(AP/NEXSTAR) — Pfizer said Monday its COVID-19 vaccine works for children ages 5 to 11 and that it will seek U.S. authorization for this age group soon — a key step toward beginning vaccinations for youngsters.

The vaccine made by Pfizer and its German partner BioNTech already is available for anyone 12 and older. But with kids now back in school and the extra-contagious delta variant causing a huge jump in pediatric infections, many parents are anxiously awaiting vaccinations for their younger children.

Nationwide Children’s Hospital said it has seen an increase of 15 percent of COVID-19 hospitalizations in jut the past week at its facilities.

“Our only way out of this pandemic is vaccination,” said Nationwide Children’s Chief of Infectious Diseases Dr. Octavio Ramilo. “It’s such a terrible thing, seeing one of these kids in the ICU with their parents and we could have prevented this with vaccines.”

For elementary school-aged kids, Pfizer tested a much lower dose — a third of the amount that’s in each shot given now. Yet after their second dose, children ages 5 to 11 developed coronavirus-fighting antibody levels just as strong as teenagers and young adults, Dr. Bill Gruber, a Pfizer senior vice president, told The Associated Press.

The kid dosage also proved safe, with similar or fewer temporary side effects — such as sore arms, fever or achiness — that teens experience, he said.

“I think we really hit the sweet spot,” said Gruber, who’s also a pediatrician.

Gruber said the companies aim to apply to the Food and Drug Administration by the end of the month for emergency use in this age group, followed shortly afterward with applications to European and British regulators.

Dr. Robert Frenck, a principal site investigator for the Pfizer COVID-19 vaccine trials, said if the FDA approves the vaccine, parents should consider it for their children.

“Parents should feel comfortable that this vaccine has been given to lots and lots and lots of — literally tens of hundreds of millions — of people and it’s continued to show a very good safety profile,” Frenck said.

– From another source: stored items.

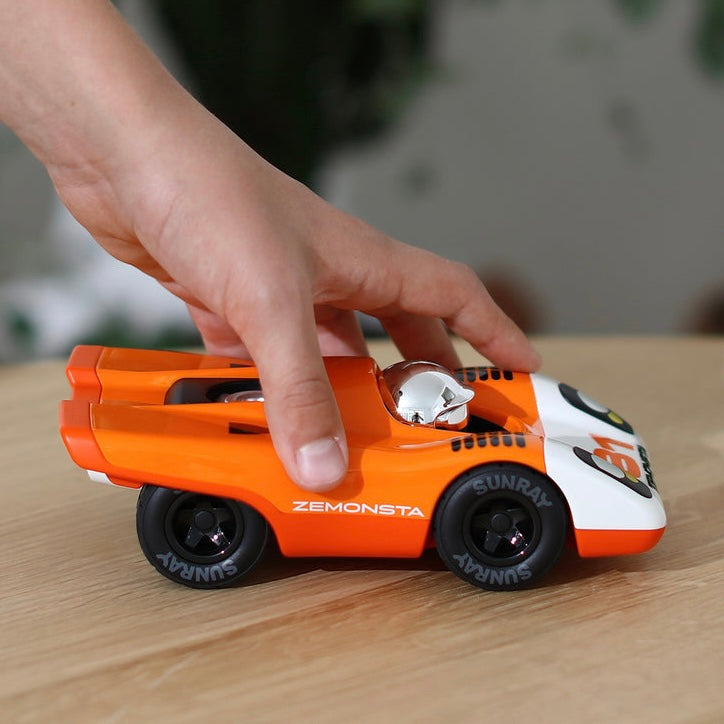Zemonsta car is a formidable and fierce track eater, inspired by the legendary Porsche 917. Designed as an abstract interpretation of the “beast of beasts,” it carries untamed fury and bold presence in every curve. With its striking form and powerful stance, this collectible toy car embodies speed, imagination, and...
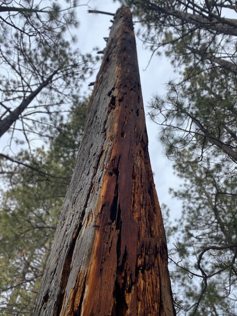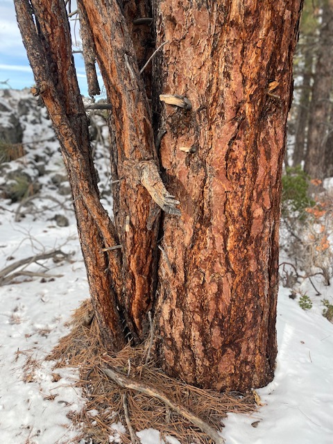 Yet, here’s what I love. Since that time, this sliver of national forest has slipped by foresters intent on imposing order upon all that is twisted, bent, fallen, clustered, mistletoed, dying, or dead. The forest re-wilds in her way–proving that yes, six ponderosas can grow in one embrace. The seeds likely sprouted from a squirrel cache.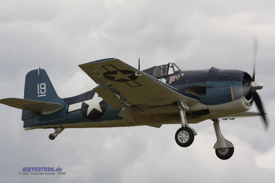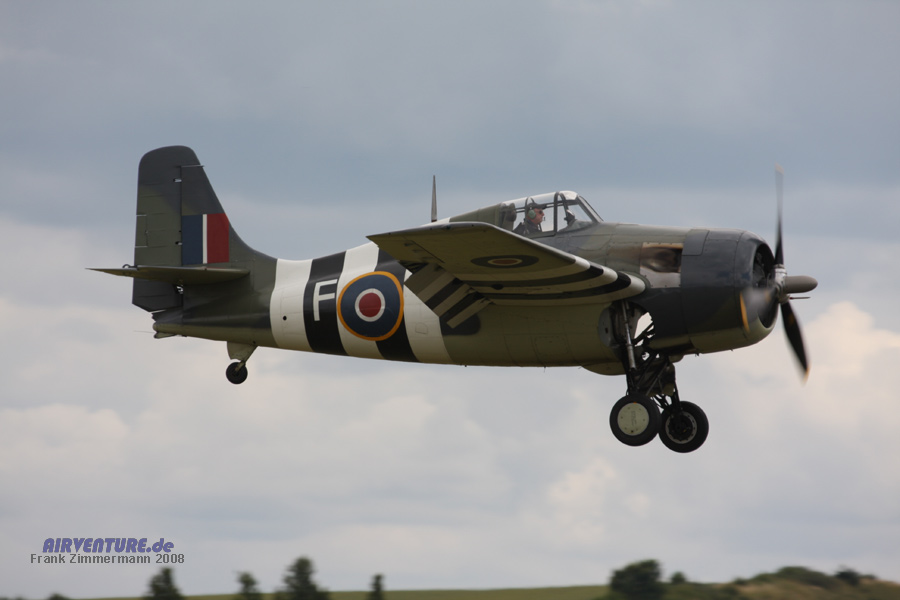 Die Grumman F6F-5K Hellcat der Fighter Collection beim Landeanflug auf die Graspiste. Am Steuer saß Carl Schofield.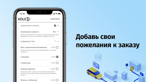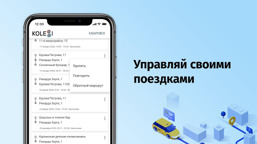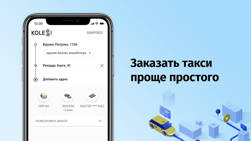 Мобильное приложение KOLESI – это простой и современный сервис, который позволит вам заказывать поездку на автомобиле без разговора с оператором.
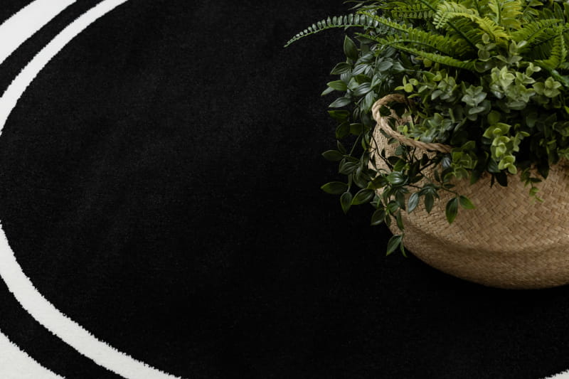 Dywan HAMPTON BORDER kreski ramka glamour czarno biały koło

This is news Marla Zwinggi, a mother of three children under 12, has been waiting for.

“It will be a huge relief because, for our family, our immediate family, the pandemic will be over,” she said.

For months, Zwinggi has helped people in her community schedule their vaccine appointments and said her family will be talking with their pediatrician about getting their daughters vaccinated.

“We want to talk to our pediatrician and make sure what is coming out from Pfizer is in fact safe and we will do that,” she said.

Earlier this month, FDA chief Dr. Peter Marks told the AP that once Pfizer turns over its study results, his agency would evaluate the data “hopefully in a matter of weeks” to decide if the shots are safe and effective enough for younger kids.

Many Western countries so far have vaccinated no younger than age 12, awaiting evidence of what’s the right dose and that it works safely in smaller tots. But Cuba last week began immunizing children as young as 2 with its homegrown vaccines and Chinese regulators have cleared two of its brands down to age 3.

While kids are at lower risk of severe illness or death than older people, more than 5 million children in the U.S. have tested positive for COVID-19 since the pandemic began and at least 460 have died, according to the American Academy of Pediatrics. Cases in children have risen dramatically as the delta variant swept through the country.

“I feel a great sense of urgency” in making the vaccine available to children under 12, Gruber said. “There’s pent-up demand for parents to be able to have their children returned to a normal life.”

In New Jersey, 10-year-old Maya Huber asked why she couldn’t get vaccinated like her parents and both teen brothers have. Her mother, Dr. Nisha Gandhi, a critical care physician at Englewood Hospital, enrolled Maya in the Pfizer study at Rutgers University. But the family hasn’t eased up on their masking and other virus precautions until they learn if Maya received the real vaccine or a dummy shot.

Once she knows she’s protected, Maya’s first goal: “a huge sleepover with all my friends.”

Maya said it was exciting to be part of the study even though she was “super scared” about getting jabbed. But “after you get it, at least you feel like happy that you did it and relieved that it didn’t hurt,” she told the AP.

Pfizer said it studied the lower dose in 2,268 kindergartners and elementary school-aged kids. The FDA required what is called an immune “bridging” study: evidence that the younger children developed antibody levels already proven to be protective in teens and adults. That’s what Pfizer reported Monday in a press release, not a scientific publication. The study still is ongoing, and there haven’t yet been enough COVID-19 cases to compare rates between the vaccinated and those given a placebo — something that might offer additional evidence.

The study isn’t large enough to detect any extremely rare side effects, such as the heart inflammation that sometimes occurs after the second dose, mostly in young men. The FDA’s Marks said the pediatric studies should be large enough to rule out any higher risk to young children. Pfizer’s Gruber said once the vaccine is authorized for younger children, they’ll be carefully monitored for rare risks just like everyone else.

A second U.S. vaccine maker, Moderna, also is studying its shots in elementary school-aged children. Pfizer and Moderna are studying even younger tots as well, down to 6-month-olds. Results are expected later in the year.